Coronel Leite vai participar de acampamento

Está em Vilhena, onde passará o fim-de-semana, para dar apoio à sexta edição do acampamento da Comunidade Adorai, “Anjos Radicais”, o Coronel Edimilson Leite Guimarães Filho, ou como é mais conhecido, o Coronel Leite. Especialista em resgate e salvamento, o militar veio a convite de um amigo que mora na cidade e desde a tarde de hoje, sexta-feira, coordenará atividades junto aos cinqüenta monitores da igreja, responsáveis pelos 134 acampantes, todos com idade entre 14 e 18 anos. “Os jovens podem esperar muita aventura. A ideia é mexer com o espírito destas crianças. Elas farão uma caminhada de 10 quilômetros, montarão acampamento, farão a própria comida. Isso os deixará com a autoestima mais elevada e fará com que valorizem inclusive a cama e o travesseiro em que dormem”, conta o Coronel. Os jovens acamparão no hotel-fazenda Vale do Ávila, e de hoje até domingo participam de atividades e esportes radicais.
O Coronel Leite já tinha passado duas vezes pela Cidade Clima, mas apenas no aeroporto, em missão. “Vilhena tem uma selva diferente, um povo diferente do que se encontra no restante da Amazônia. O amazônida daqui tem mistura de vários povos, do indígena, do negro, do pessoal do Sul. O clima também apresenta temperaturas mais baixas, a umidade do ar é menor”. 
Ele morou em Manaus até o ano passado e recentemente esteve no Chile e na Argentina gravando o programa “Desafio em Dose Dupla – Brasil”, do canal Discovery Channel. Na atração, que já teve duas temporadas de seis episódios cada e que volta a ser gravada em setembro, Leite destaca os ambientes extremos em que já esteve junto do outro apresentador, Léo, e a equipe: “É difícil destacar um bioma como o mais difícil entre os onze que já visitamos. A caatinga é muito seca, difícil de encontrar água; já o pantanal tem água por todo lado, mas o desconforto de você estar sempre molhado. Na região dos cânions do Rio Grande do Sul, o desafio é a baixa temperatura, e confesso que ela me castiga mais”.
O Coronel Leite é Mestre em Salvamento e Resgate Aéreo, formado em Guerra na Selva, instrutor de Sobrevivência na Selva, instrutor de Mergulho autônomo, mestre de salto – instrutor de paraquedismo-, e possui cursos da ONU, na Suécia e Alemanha, além de MBA em Gestão pela Universidade Federal Fluminense (UFF). 

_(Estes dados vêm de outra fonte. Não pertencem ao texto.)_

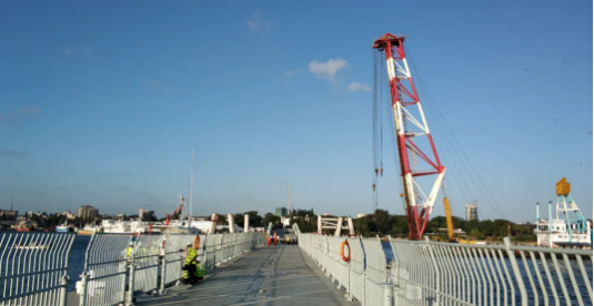 日前,中國船舶集團旗下中船應(yīng)急承建的肯尼亞蒙巴薩人行浮橋正式建成通行。蒙巴薩作為肯尼亞第二大城市,是全國重要工商業(yè)中心,其港口為非洲東海岸最大海港。浮橋的建成,使蒙巴薩主島和周邊地區(qū)兩岸居民通行時間由原來的45分鐘縮短至10分鐘,極大方便了當?shù)鼐用癯鲂?。同時,浮橋通航孔的設(shè)計可滿足萬噸大型船舶暢通進出蒙巴薩港口。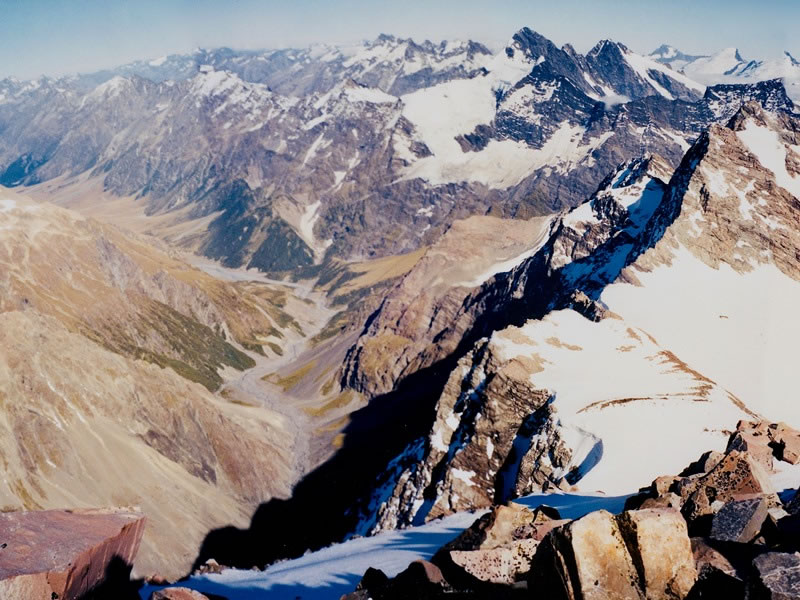 Looking south and down from the summit of Mt Sealy onto streams which, I think, are tributaries of the Dobson river.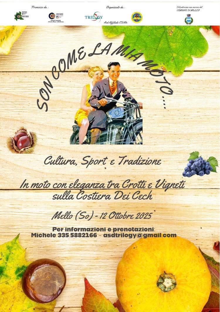 Domenica 12 ottobre 2025, perché a Mello (SO) arriva “Son come la mia moto…”, un evento che unisce cultura, sport e tradizione nella Costiera dei Cech.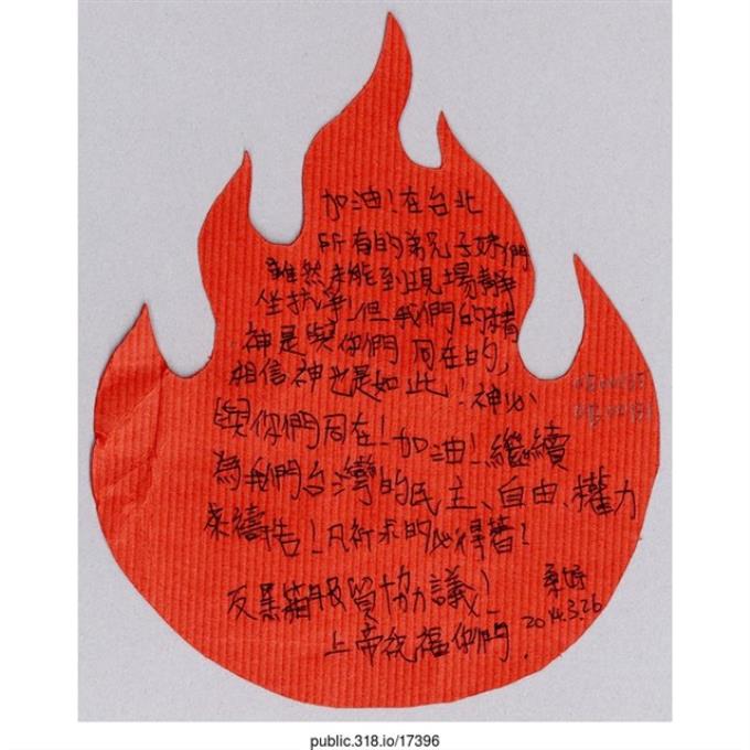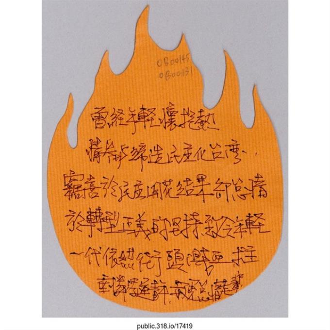 「曾經年輕懷抱熱情參與締造民主化台灣」葉片型紙片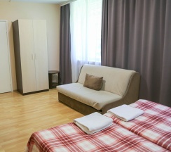 Удобный и комфортный однокомнатный номер для размещения двоих гостей на основных местах и одного - на дополнительном. Приятный интерьер, выполненный в нежных светлых тонах, создает атмосферу уюта и удобства. Данный номер идеально подходит как для двух гостей, так и для семейной пары с ребенком.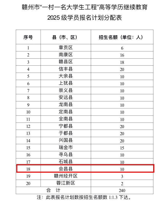 根据《江西省农业农村厅 江西省教育厅 江西省财政厅关于纵深推进“一村一名大学生工程”的实施意见》(赣农字〔2020〕50号)要求,现就做好全省“一村一名大学生工程”高等学历继续教育(专升本)2025级学员招收工作通知如下。
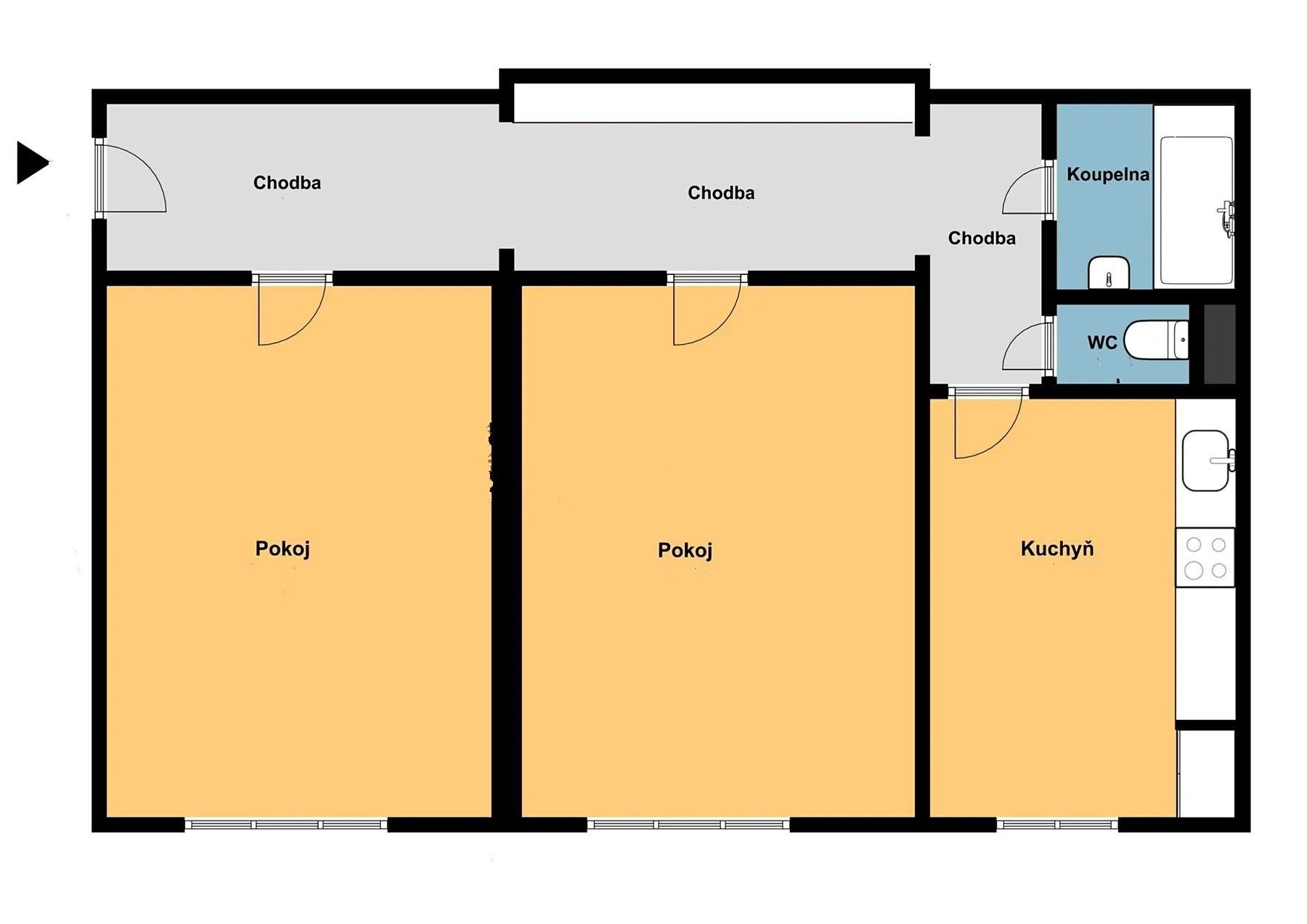 - Dispozice bytu: 2+1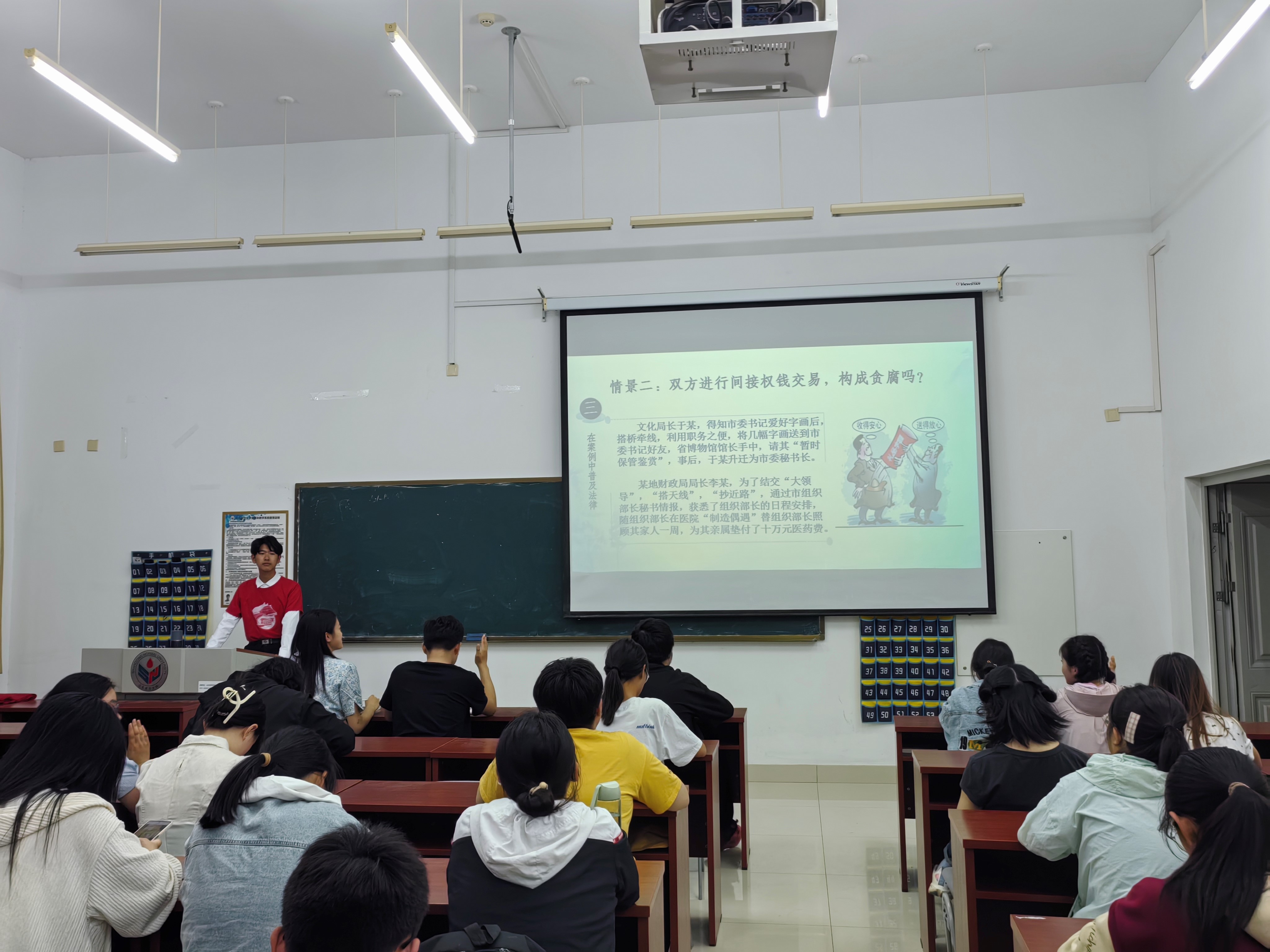 本次活动由队员王子琦、赵家玺担任主讲。首先宣讲队员通过四个历史史实引入廉洁主题,以讲故事的形式展现了我国廉洁奉公的历史渊源。紧接着,宣讲队员借用正反类比,引入了近年来的贪腐案例,并着重介绍了“年轻贪腐化”、“教育反腐”两个名词,让观众更加直观的了解了贪腐对社会的巨大破坏力。随后,宣讲队员通过互动的形式向大家介绍了贪腐的法律定义。最后,宣讲队员以莲花为喻,发出倡议,希望广大青年干部也要争做“清廉式”干部。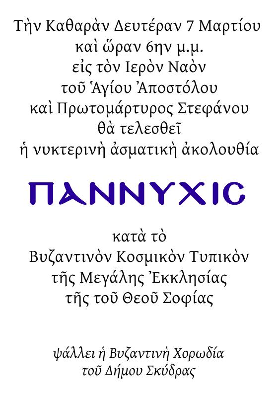 dkalpakidis έγραψε:Η Ασματική Ακολουθία "Παννυχίς" θα τελεσθεί την Δευτέρα της πρώτης εβδομάδας των Νηστειών [7 Μαρτίου και ώρα 6:00 μ.μ.]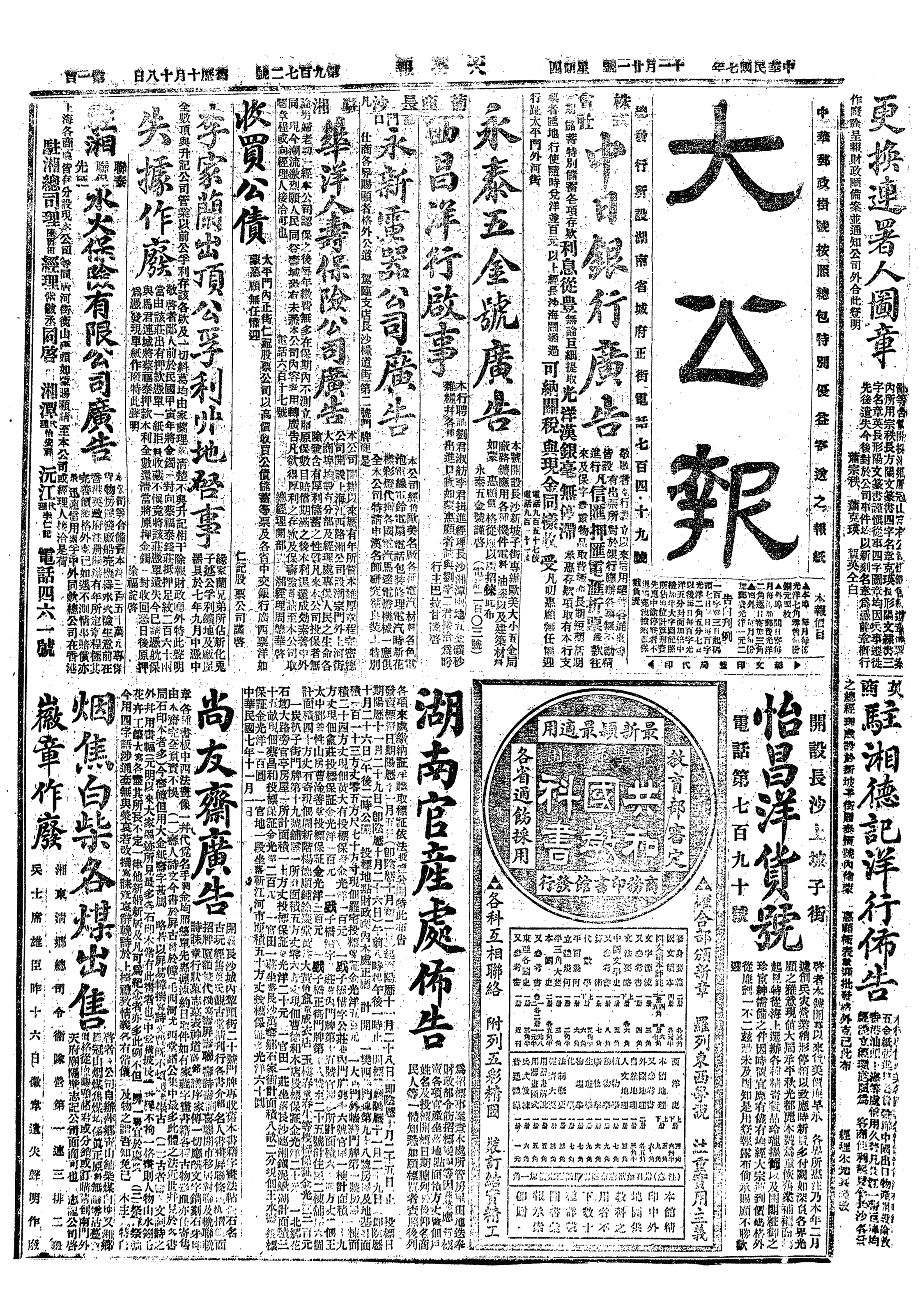 △ 徐世昌任命龚心湛为安徽省长。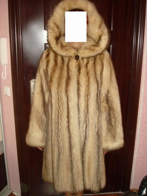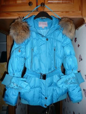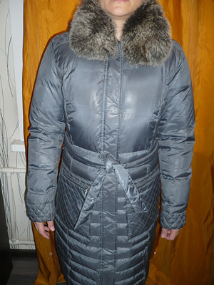 10. Пуховик светлый , опушка из енота и ремень-пояс, рукав регулируется по длине, размер 38-40 (рос) - 800 рублей.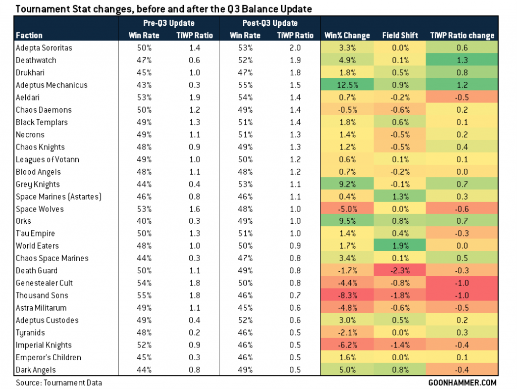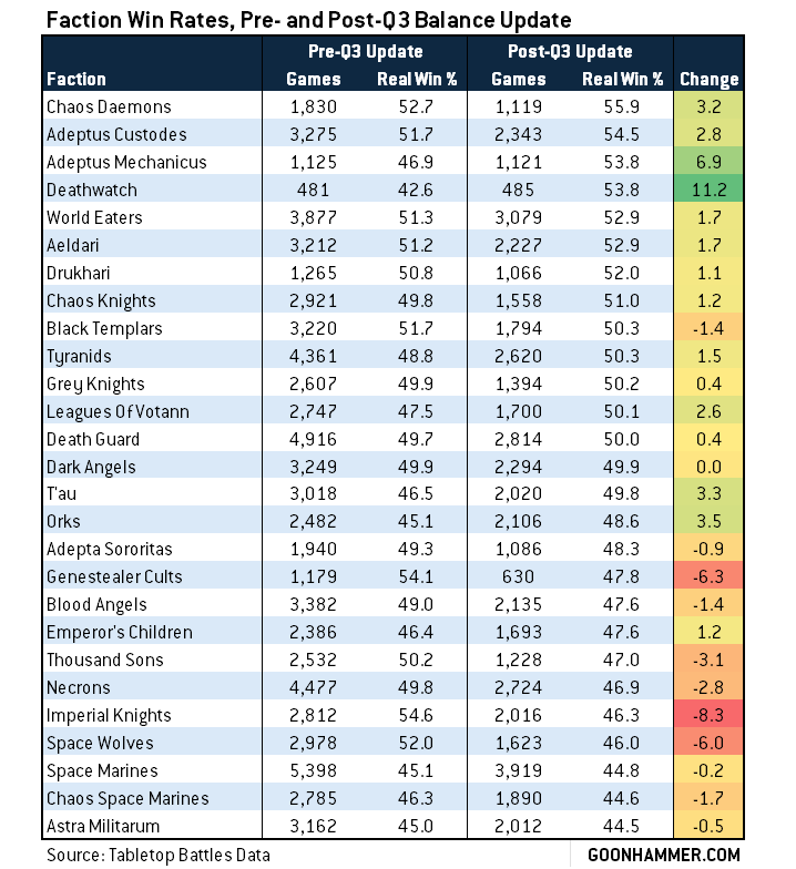 Some of the big winners here were easy to see coming: The Adeptus Mechanicus and Deathwatch in particular got big buffs in the Q3 update, and we similarly saw solid improvements for Chaos Daemons (though it was argued "not enough" at the time), T'au Empire, and Orks. The big losers are more or less what we expected - Genestealer Cults, Imperial Knights, Thousand Sons, and Space Wolves all took substantial hits, while Chaos Knights and Death Guard more or less held firm, having already received their nerfs a month earlier and seeing only small changes in the balance update.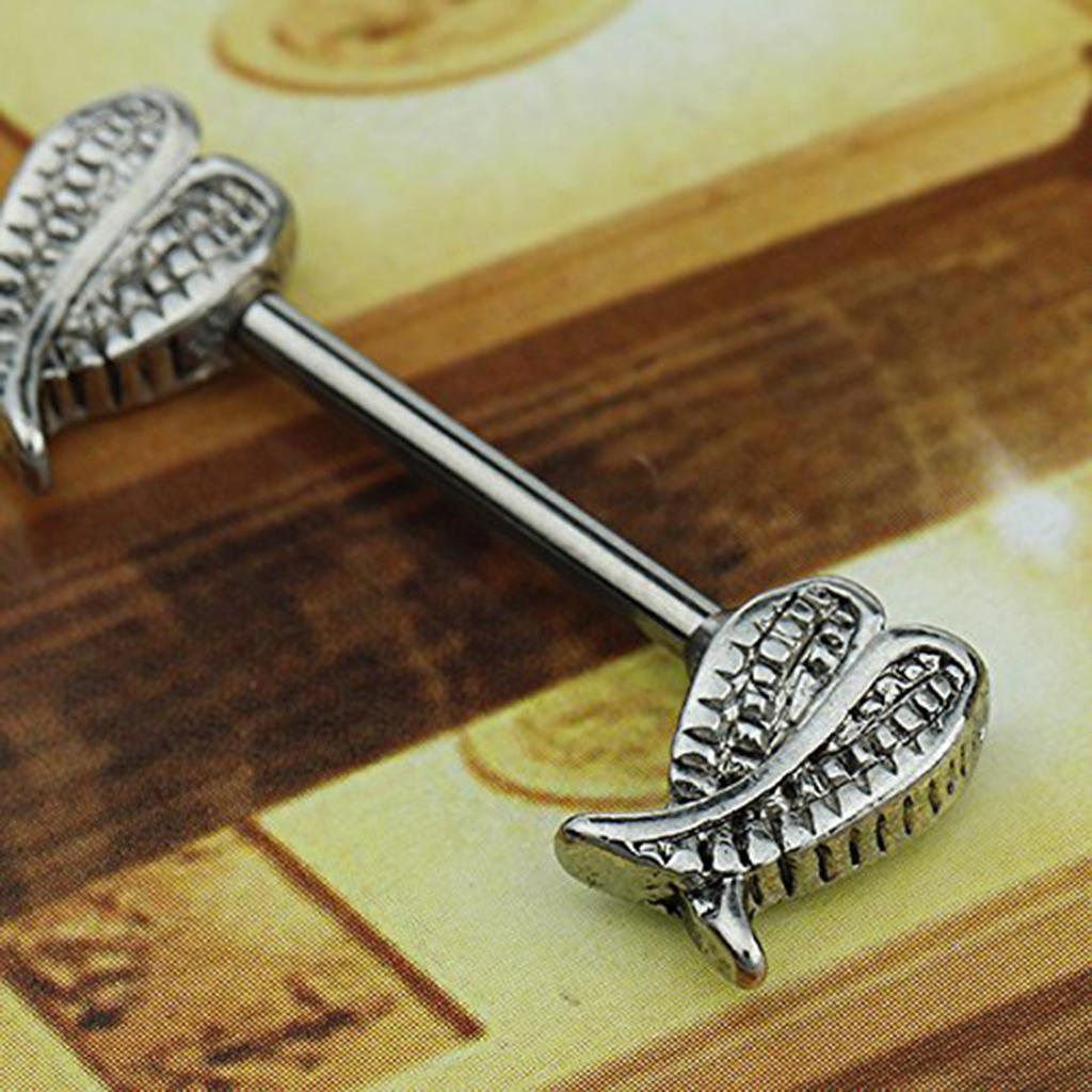 Gauge Size: 16 Gauge =1.2 mm, angel wing shape charms straight bar barbell shield nipple ring.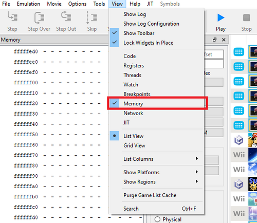 Next, in the menu bar go to View and check Memory. You'll see a window that looks like this. (Note that Dolphin only displays values in memory when emulation is paused, but values can still be set while emulation is running.) Pay attention to the highlighted section in the upper right, this is where we will be working.
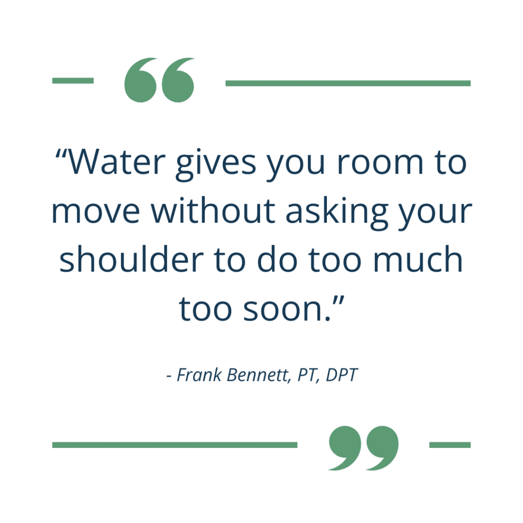 Water offers resistance in every direction, but not from abrupt loading by weights. That makes it useful for controlled activation early on and gradual strengthening later, once your shoulder is ready.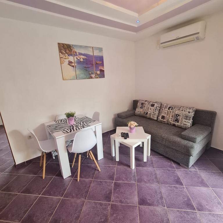 Het ligt erg ver van de zee. Het is moeilijk bereikbaar. De eigenaar vroeg om onze identiteitsbewijzen voordat we zelfs maar hadden uitgepakt en we moesten betalen. We hebben de bank in dezelfde ruimte als de keuken gestofzuigd, er lag veel stof. We moesten het bed opmaken. De douchecabine in de badkamer viel uit elkaar, het gedeelte tussen de wastafel en de cabine was, op zijn zachtst gezegd, smerig. De rand van de cabine ook. De lade van de kledingkast in de badkamer viel uit elkaar. Er is geen stopcontact in de keuken, ik kon alleen water koken op de vensterbank.

Dente as missões de resgate das quais participou, a que mais marcou o coronel foi a que ele liderou para resgate após o acidente com o Boeing 737 da Gol, em 2006, voo 1907, que matou 154 pessoas. “Foram 54 dias de selva, na missão de trazer os restos mortais das pessoas para os entes queridos delas. Para mim, este tipo de missão é tão importante quanto trazer alguém vivo de volta para os seus”, e explica a dificuldade deste tipo de missão: “Nestes momentos, se você começa a pensar na família, você perde o foco. É preciso ser racional e não deixar o emocional te dominar”. O coronel fica em Vilhena até o meio-dia de domingo, e promete voltar mais vezes para explorar a região.